Поставив бутылку и упав в кресло, Лупаков сжал ладонями щеки. На миг он оглянулся на свое прошлое, на себя. И ужаснулся. Как все было глупо. Бесполезно. Бессмысленно. Надо было все устраивать иначе. По-другому жить. По-Другому относиться к людям, да и к деньгам. Что впереди? Заключение? Смерть? И кому нужны лишения? Кому Нужны килограммы золота и драгоценностей, спрятанных в Многочисленных тайниках? Впереди холод. Тьма.
— Грехи наши тяжкие, — прошептал Лупаков и горько вздохнул.

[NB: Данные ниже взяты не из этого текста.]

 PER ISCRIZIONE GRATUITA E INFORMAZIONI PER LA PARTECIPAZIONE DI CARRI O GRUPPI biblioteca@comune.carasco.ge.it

Стоп. Нельзя столько пить. Нельзя размякать, жалеть себя — это самое последнее дело. Взять себя в ежовые рукавицы. Чего нюни распускать? Лупаков не привык распускать нюни. Он умел подчинять события своей воле. И не только события, но и людей. Он умел работать. Умел расшибаться в лепешку. Он мог сделать карьеру. Мог стать директором завода. Но делать дела было легче на его месте…
Пришел в себя? Унял сердцебиение? В норме? Теперь надо принимать решение. Ничего. Если есть деньги, можно где угодно остаться на плаву. Не зря столько лет отказывал себе во всем, копил копейку к копейке. Они послужат спасательным кругом. Можно еще начать все сначала. Можно.

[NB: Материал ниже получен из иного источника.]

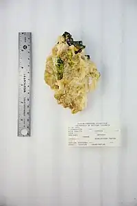 Over the years, the mine has produced world class crystals of titanite, apatite, mica, and zircon.[3] Silver Crater Mine is most noted for its unusual betafite crystals, which geologists have yet to sufficiently analyse to understand their geological origins.[8] Betafite crystals from the mine contain 15% to 20% uranium, making them highly radioactive.[9]
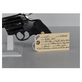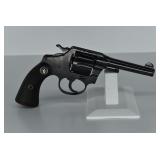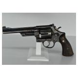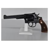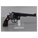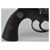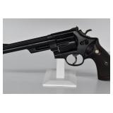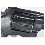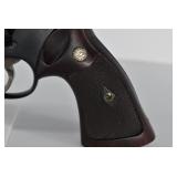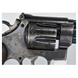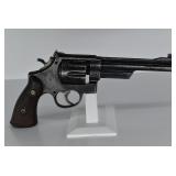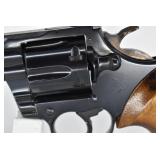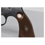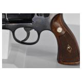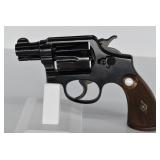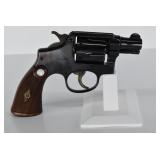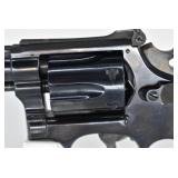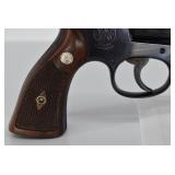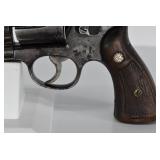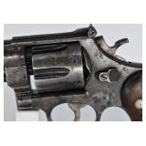 59.    Smith & Wesson – Mod. 38 Hand Eject (.38 Military & Police Post War Pre-Mod. 10) – 38 Spl. Cal. Double Action Revolver – w/5” Barrel w/Blade Front Sight – Blued Finish – w/S&W Medallion – w/Diamond Checkered Wood Grips

Лупаков решился. Теперь нужно действовать. Жестко. Бесповоротно…
С реки дул прохладный ветер, принося с собой не свежесть, а затхлый запах тины. Во дворе по соседству жгли первые осенние листья. Ненавижу осень. Точнее, не саму осень, а умирание лета, предчувствие грядущей зимы, царства ледяной скуки. Вверх по небу карабкалась тонкая ладья убывающей луны.
— Есть охота, — протянул я, зевая.
— А чего еще охота? — осведомился Пашка.
— Спать охота.
— А красотку длинноногую тебе неохота?
— Уже нет.
— Самое вредное в нашей работе — это нытье… Возьми печенье. С прошлого раза осталось.

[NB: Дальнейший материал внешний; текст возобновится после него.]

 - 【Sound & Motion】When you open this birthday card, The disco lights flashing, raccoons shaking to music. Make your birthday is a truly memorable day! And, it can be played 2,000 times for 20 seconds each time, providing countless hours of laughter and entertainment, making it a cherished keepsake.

Пашка открыл бардачок, вытащил пачку «Юбилейного», распечатал, разделил содержимое на три части и протянул одну долю мне, другую — оперативнику, сидящему за рулем нашего «жигуля».
— Терпеть не могу печенье, — сказал я, откусывая кусок и безрадостно пережевывая его.
— Сразу видно, что ты следователь, а не опер. Посидел бы с мое в секретах и засадах — все что угодно научился бы есть.
— Посидел бы ты с мое в следственных изоляторах на допросах — вообще бы есть разучился…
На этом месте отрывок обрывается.